> **ASSIGNMENT**
Line by line, the data below should be set down unchanged, with images excluded.

> **DATA SUPPLIED**
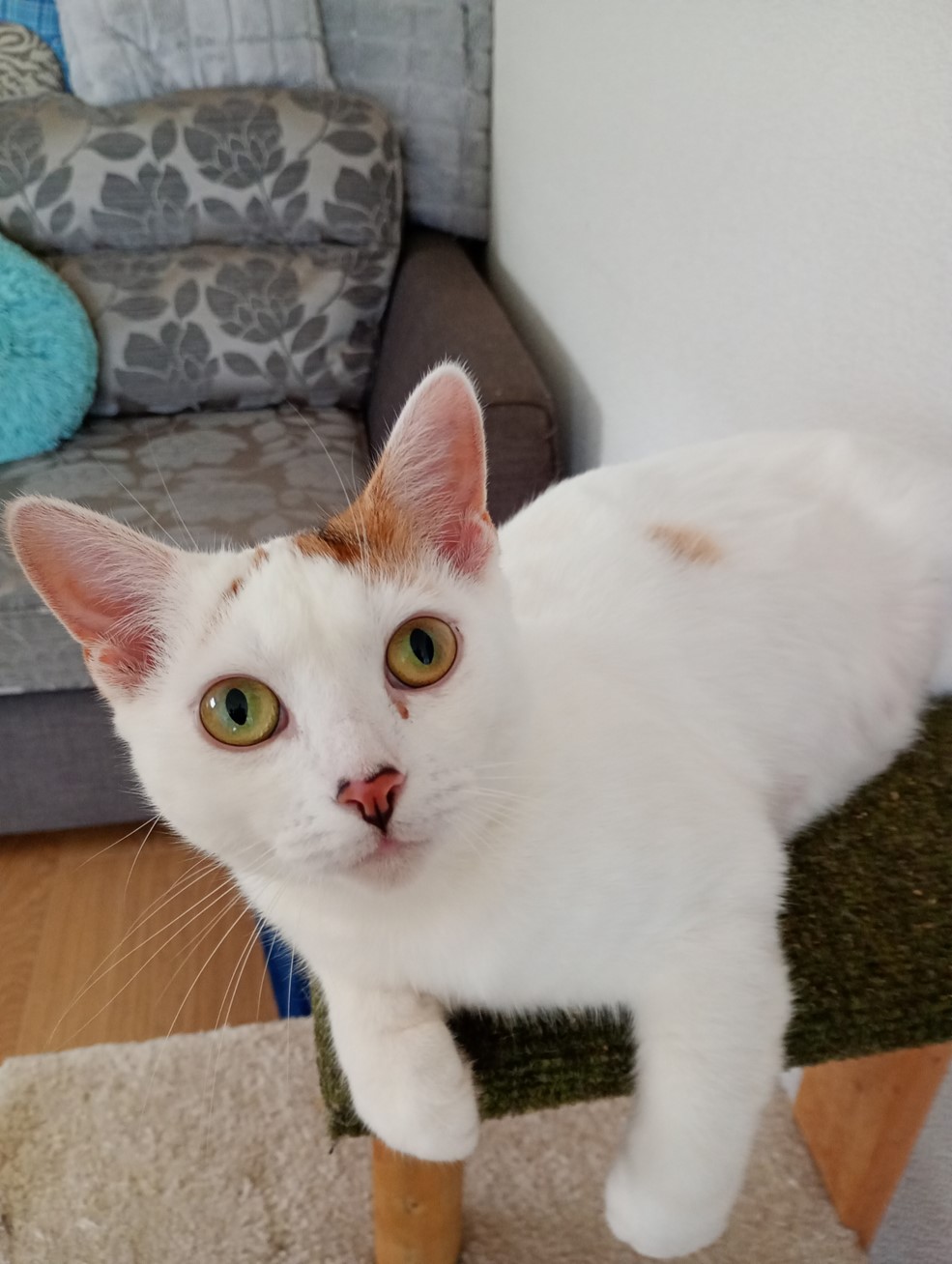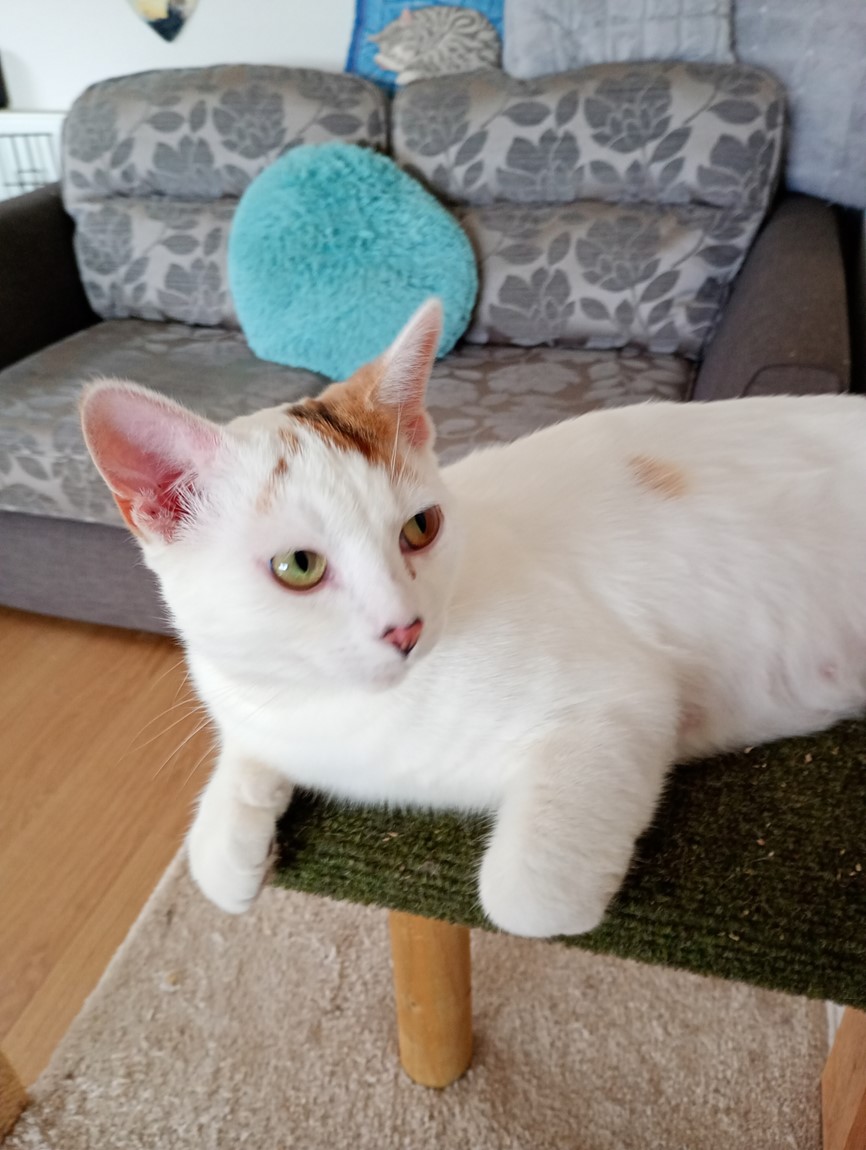 Snowy is a lovely cat who loves to play and run around. She is loving but not yet a lapcat but does enjoy human company and fuss.
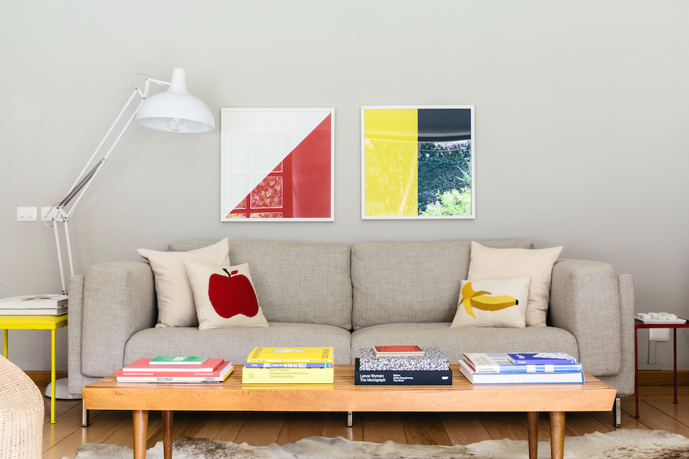 Sofa: Ikea. White lamp: Crate & Barrel Kids. Yellow end table: eBay. Coffee table: purchased 18 years ago in Red Hook, Brooklyn.
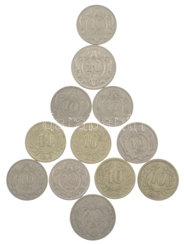 Leírás: Ausztria 1893-1910. 10h (10db/8xklf) + 1894-1911. 20h (2xklf) T:2,2- patina
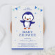 Invite your guests with this cute baby shower invitation featuring an adorable little penguin with vibrant elements on a light grey background. Simply add your event details on this easy-to-use template to make it a one-of-a-kind invitation. Flip the card over to reveal a blue and white stripes pattern on the back of the card.
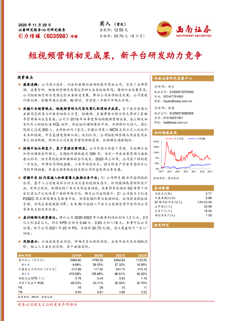 西南证券:引力传媒(603598)-短视频营销初见成果,新平台研发助力竞争.pdf
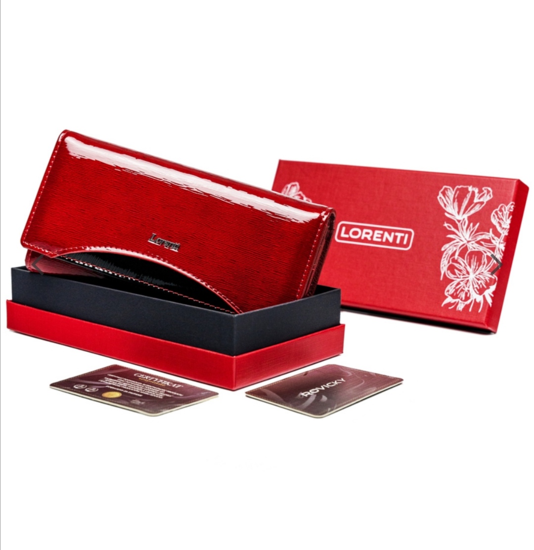 - Jedinečná dámská velká kožená lakovaná peněženka se zajímavou černou vsadkou od známého výrobce Lorenti s dárkovou krabičkou
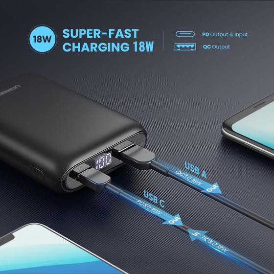 10000mAh High Capacity PD QC Fast Charging & Recharging Charge 2 Devices Simultanously
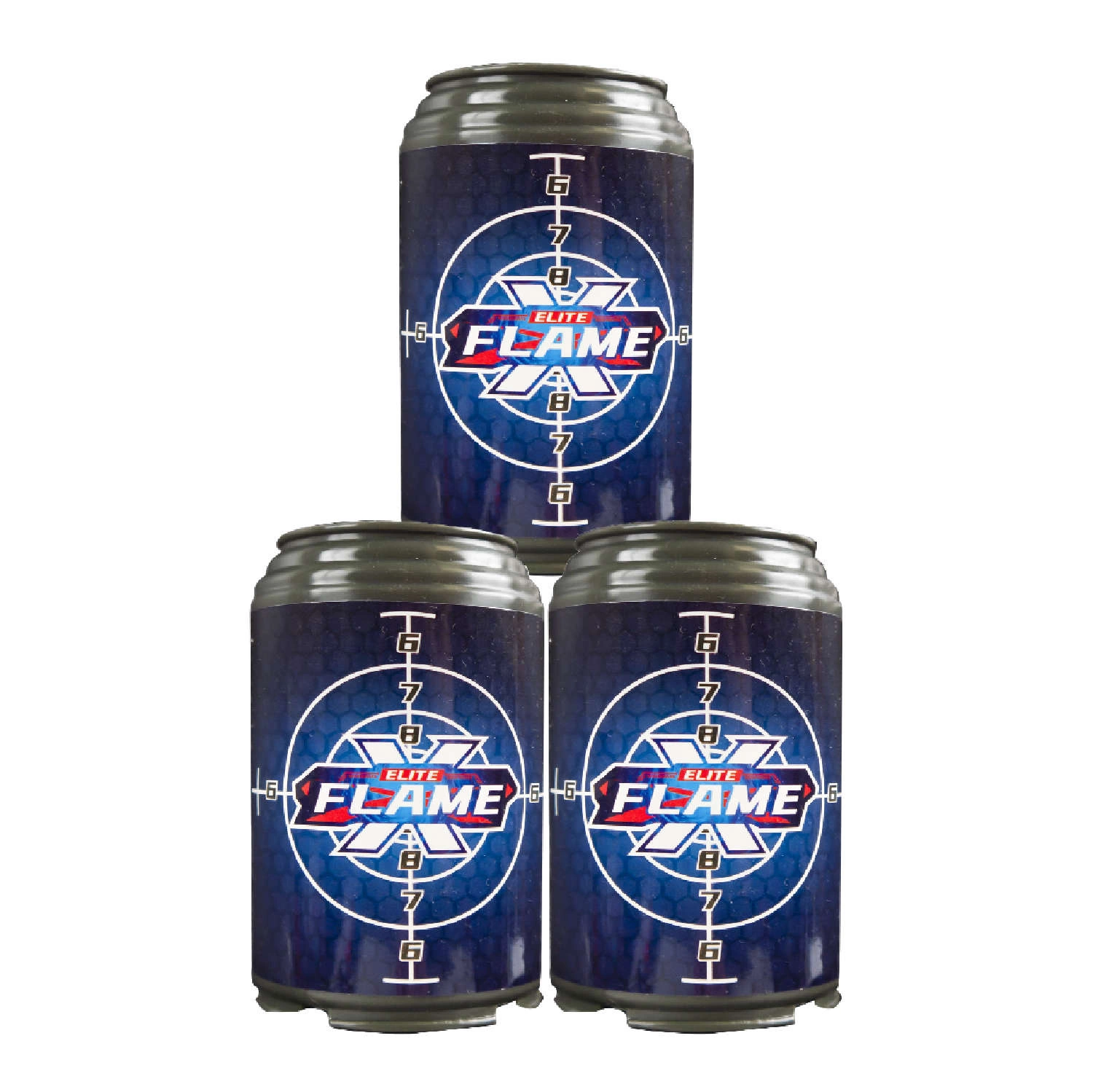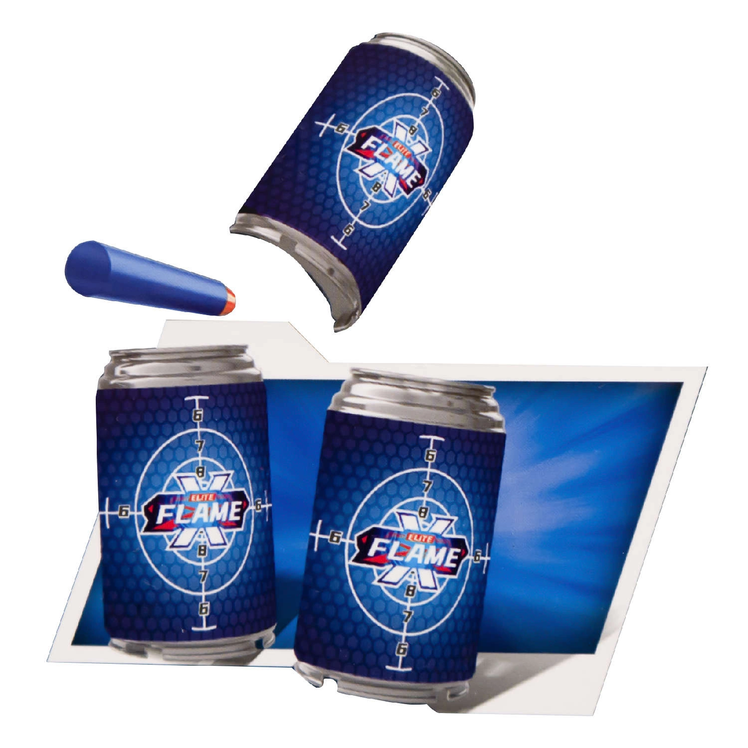 Dodatkowo w zestawie zawarte są plastikowe puszki + tarcze z celownikiem do zbijania podczas zabaw.
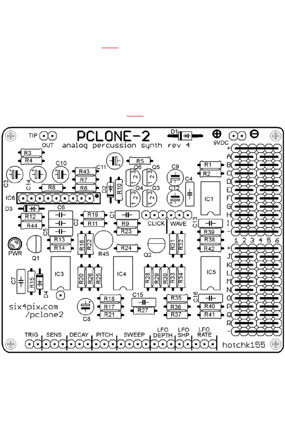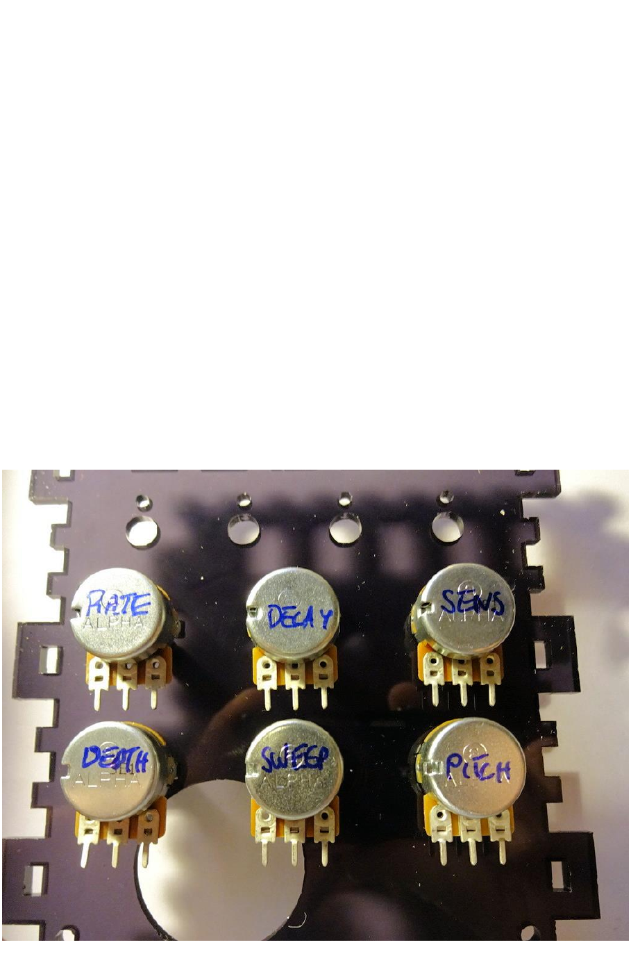 DECAY and SENSITIVITY pots and between SWEEP and PITCH)
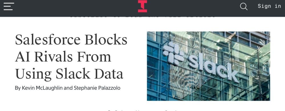 Salesforce just fired the first shot in what will become the defining battle of enterprise software’s next decade. By blocking AI rivals like Glean from accessing Slack data, they’ve crystallized the central question every SaaS vendor will face: Is the data in your app YOUR data, or your customer’s data?

> **TASK ANSWER**
 Snowy is a lovely cat who loves to play and run around. She is loving but not yet a lapcat but does enjoy human company and fuss.
 Sofa: Ikea. White lamp: Crate & Barrel Kids. Yellow end table: eBay. Coffee table: purchased 18 years ago in Red Hook, Brooklyn.
 Leírás: Ausztria 1893-1910. 10h (10db/8xklf) + 1894-1911. 20h (2xklf) T:2,2- patina
 Invite your guests with this cute baby shower invitation featuring an adorable little penguin with vibrant elements on a light grey background. Simply add your event details on this easy-to-use template to make it a one-of-a-kind invitation. Flip the card over to reveal a blue and white stripes pattern on the back of the card.
 西南证券:引力传媒(603598)-短视频营销初见成果,新平台研发助力竞争.pdf
 - Jedinečná dámská velká kožená lakovaná peněženka se zajímavou černou vsadkou od známého výrobce Lorenti s dárkovou krabičkou
 10000mAh High Capacity PD QC Fast Charging & Recharging Charge 2 Devices Simultanously
 Dodatkowo w zestawie zawarte są plastikowe puszki + tarcze z celownikiem do zbijania podczas zabaw.
 DECAY and SENSITIVITY pots and between SWEEP and PITCH)
 Salesforce just fired the first shot in what will become the defining battle of enterprise software’s next decade. By blocking AI rivals like Glean from accessing Slack data, they’ve crystallized the central question every SaaS vendor will face: Is the data in your app YOUR data, or your customer’s data?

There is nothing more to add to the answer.